More than just analytics

Don't need to justify Spark for those analyzing large emounts of data:

  • Already widely successful for large-scale data processing

Want to show how close it is to being ready to use for more traditional HPC applications, too, like simulation:

  • Simulation is "data intensive", too.

Spark RDDs

Spark RDDs prove to be a very powerful abstraction.

Key-Value RDDs are a special case - a pair of values, first is key, second is value associated with.

Can easily use join, etc to bring all values associated with a key together:

  • Like all terms that are contribute to a particular point

Linda tuple spaces, which underly Gaussian.

Notebook: Spark 1 - diffusion

Spark execution graphs

Operations on Spark RDDs can be:

  • Transformations, like map, filter, join...
  • Actions like collect, foreach, ..

You boild a Spark computation by chaining together operations; but no data starts moving until part of the computation is materialized with an action.

Allows optimizations over the entire computation graph.

Spark execution graphs

So for instance here, nothing starts happening in earnest until the plot_data()

    # Main loop: For each iteration,
    #  - calculate terms in the next step
    #  - and sum
    for step in range(nsteps):
        data = data.flatMap(stencil) \
                    .reduceByKey(lambda x, y:x+y)

    # Plot final results in black
    plot_data(data, usecolor='black')

Spark Dataframes

But RDDs are also building blocks.

Spark Data Frames are lists of columns, like pandas or R data frames.

Can use SQL-like queries to perform calculations.
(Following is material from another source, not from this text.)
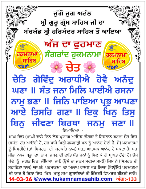 Hukamnama Sri Darbar Sahib, Amritsar – Punjabi Dunia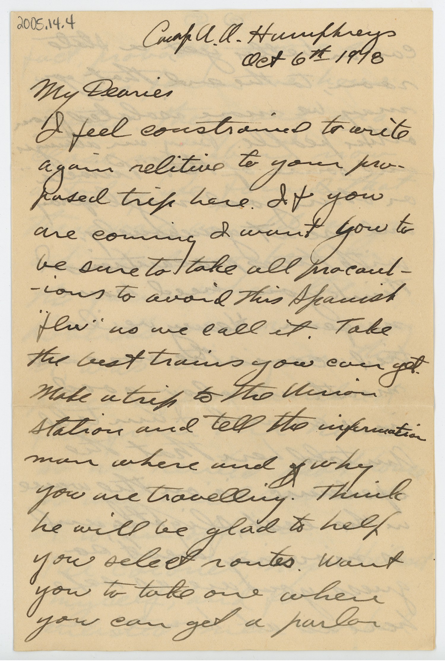 Camp A.A. Humphreys [October] 6th 1918 My Dearies I feel constrained to write again relative to your proposed trip here. If you are coming I want you to be sure to take all precautions to avoid this Spanish

But this allows bringing the entire mature machinery of SQL query optimizers to bear, allowing further automated optimization of data movement, and computation.

Notebook: Spark 2 - data frames

Spark Graphs - GraphX

Using RDDs, a graph library has also been implemented: GraphX.

Many interesting features, but for us: Pregel-like algorithms on graphs.

Nodes passes messages to their neighbours along edges.

Like MPI (BSP) on unstructured graphs!

Spark Graphs - GraphX

Maddeningly, graph algorithms are not yet fully available from Python - in particular, Pregel.

Can try to mock communications up along edges of an unstructured mesh, but unbelievably slow.

Still, gives a hint what's possible.

Notebook: Spark 3 - Unstructured Mesh

Spark's Capabilities

For data analysis, Spark is already there - like parallel R without the headaches and with a growing level of packages.

Lots of typical statstics + machine learning.

For traditional high performance computing, seems a little funny so far: Scalapack-style distributed block matricies are there, with things like PCA, but not linear solves!

Graph support will enable a lot of really interesting applications (Spark 2.x - this year?)

Very easy to set up a local Spark install on your laptop.

Spark Cons

JVM Based (Scala) means C/Python interoperability always fraught.

Not much support for high-performance interconnects (although that's coming from third parties - HiBD group at OSU)

Very little explicit support for multicore yet, which leaves some performance on the ground.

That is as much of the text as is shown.